7.1 NA TURE OF PLASTIC DEFORMATIONPlastic deformation is the deformation which is permanent and beyond the elastic rang of the material of ten , metals are worked by pfastic deformation because of the beneficial effect that is imparted to the mechanical properties by it. The necessary deformation in a metal can be achieved by application of large amount of mechanical force only or by heating the metal and then applying a small force.7.1 塑性变形本质塑性变形是超过弹性变形范围之后的一种永久变形。

通常，金属采用塑性变形加工是由于可以通过其获得良好的机械性能。

金属所需要的变形可以只通过施加大量的机械力或者通过加热金属并且施加少量的应力来获得。

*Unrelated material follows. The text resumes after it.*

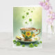 The front design shows a white porcelain teacup and scalloped saucer decorated with yellow sunflowers and deep green leaves, edged with thin gold rims and a curved gold handle. Inside the cup, amber tea glows with a light curl of steam, like a quiet invitation to linger with someone close 💚. A small gold spoon rests neatly on the saucer, angled as if it was just set down between two friends mid-conversation. Behind it all, the background fades from deep sage green to a lighter yellow-green, giving the scene a morning-lit glow. Bright green shamrocks float above the cup and drift across the foreground, their stems and shading making them look almost touchable ☘️. The overall palette mixes greens, golds, and sunny yellow in a gentle way that suggests an easy closeness, like shared tea and unspoken affection. There’s no printed wording, leaving open space around the cup while shamrocks hover in the air and scatter near the bottom edge, with the gold accents catching the light.

The deformation of metals, which is caused by the displacement of the atoms is achieved by one or both of the processes called slip and twinning. The details of the microscopic deformation methods can be found in the textbooks of' metallurgy. On the macroscopic scale, when plastic , deformation occurs the metal appears to flow in the solid state along specific directions, which are depedent on the type of processing and the direction of applied force. The crystals or grains of the metal are elongated in the direction of metal flow. This flow of metal can be seen under microscope after polishing and suitable etching of the mental surface . These visible lines are called fibre flow lines, some representative specimens of which are presented in fig金属的变形是由原子排列引起的，这种排列是由被称作滑移和孪生过程中的一种或者两者共同作用导致的。